| COLLECTED MATERIAL |

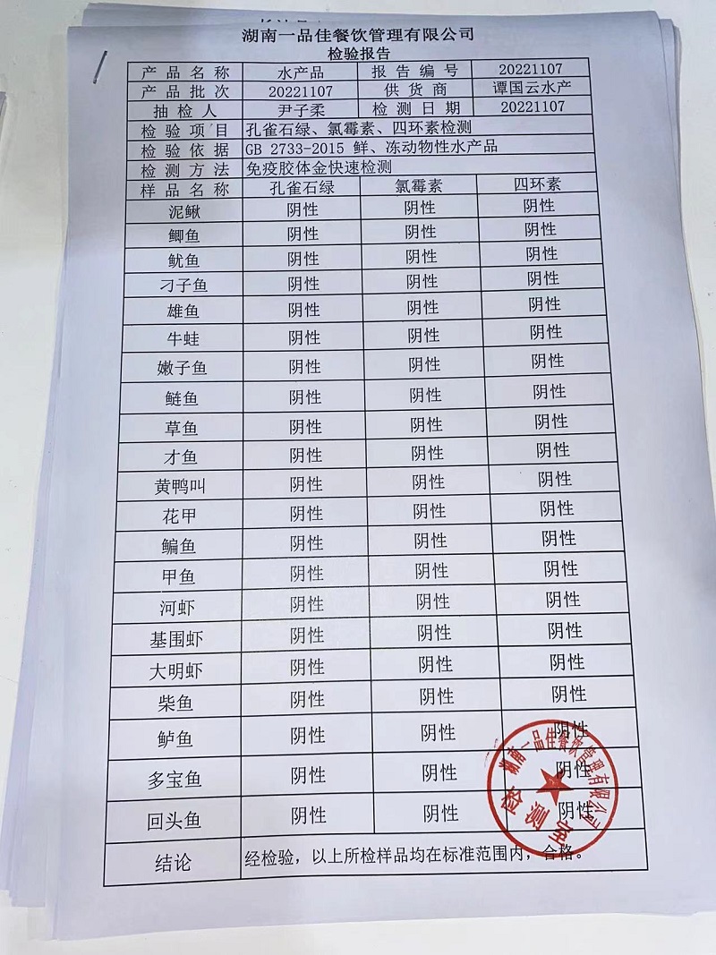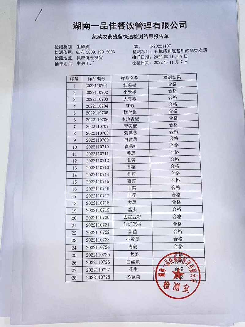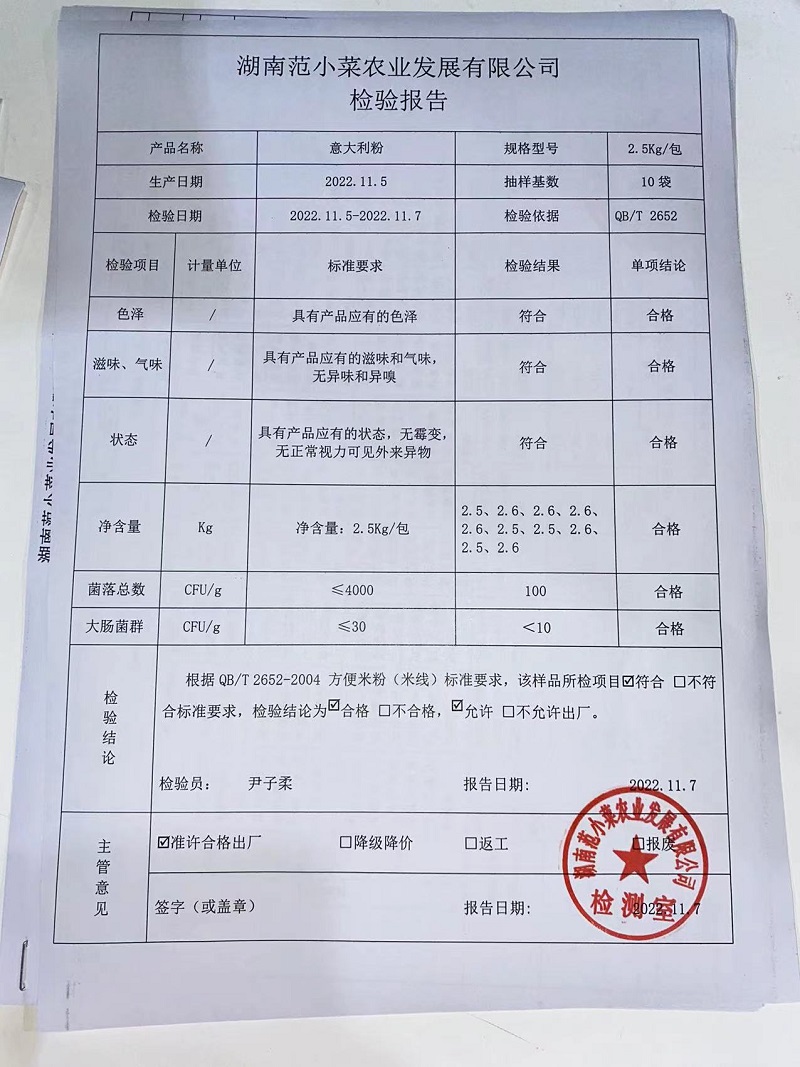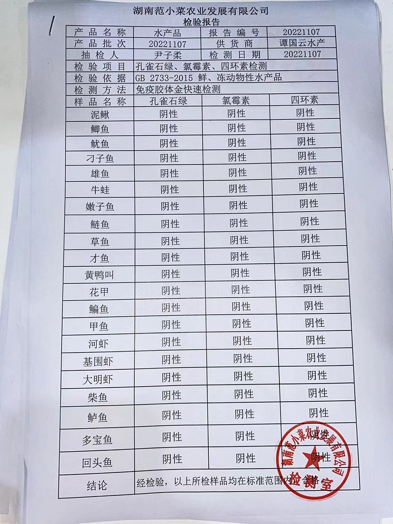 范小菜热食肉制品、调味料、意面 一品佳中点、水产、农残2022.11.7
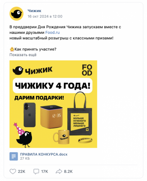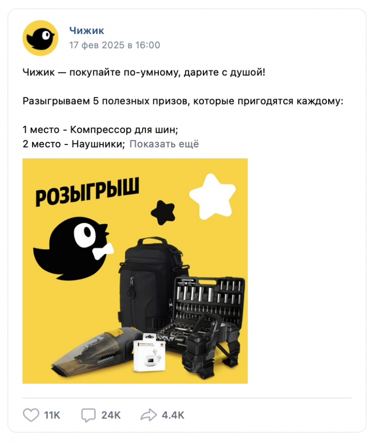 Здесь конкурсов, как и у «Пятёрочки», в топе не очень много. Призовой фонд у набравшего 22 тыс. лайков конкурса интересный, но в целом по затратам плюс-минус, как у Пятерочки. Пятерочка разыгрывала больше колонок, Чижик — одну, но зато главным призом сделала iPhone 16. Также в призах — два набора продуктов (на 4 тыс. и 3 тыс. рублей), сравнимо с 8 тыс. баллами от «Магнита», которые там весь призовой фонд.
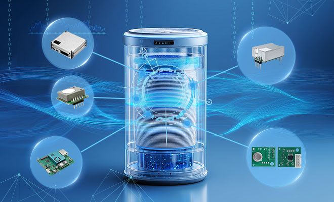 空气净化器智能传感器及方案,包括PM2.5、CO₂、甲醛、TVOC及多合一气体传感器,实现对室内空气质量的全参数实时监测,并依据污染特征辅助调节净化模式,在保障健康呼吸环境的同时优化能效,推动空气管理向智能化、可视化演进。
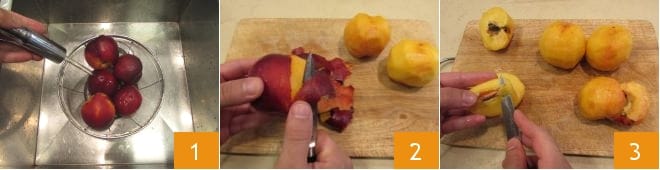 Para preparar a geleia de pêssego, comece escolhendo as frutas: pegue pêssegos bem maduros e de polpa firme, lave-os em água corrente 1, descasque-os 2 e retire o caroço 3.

| TO DO |
Return the data above unchanged. Pictures are not part of the copy.

| SOLUTION TO THE PROBLEM |
 范小菜热食肉制品、调味料、意面 一品佳中点、水产、农残2022.11.7
 Здесь конкурсов, как и у «Пятёрочки», в топе не очень много. Призовой фонд у набравшего 22 тыс. лайков конкурса интересный, но в целом по затратам плюс-минус, как у Пятерочки. Пятерочка разыгрывала больше колонок, Чижик — одну, но зато главным призом сделала iPhone 16. Также в призах — два набора продуктов (на 4 тыс. и 3 тыс. рублей), сравнимо с 8 тыс. баллами от «Магнита», которые там весь призовой фонд.
 空气净化器智能传感器及方案,包括PM2.5、CO₂、甲醛、TVOC及多合一气体传感器,实现对室内空气质量的全参数实时监测,并依据污染特征辅助调节净化模式,在保障健康呼吸环境的同时优化能效,推动空气管理向智能化、可视化演进。
 Para preparar a geleia de pêssego, comece escolhendo as frutas: pegue pêssegos bem maduros e de polpa firme, lave-os em água corrente 1, descasque-os 2 e retire o caroço 3.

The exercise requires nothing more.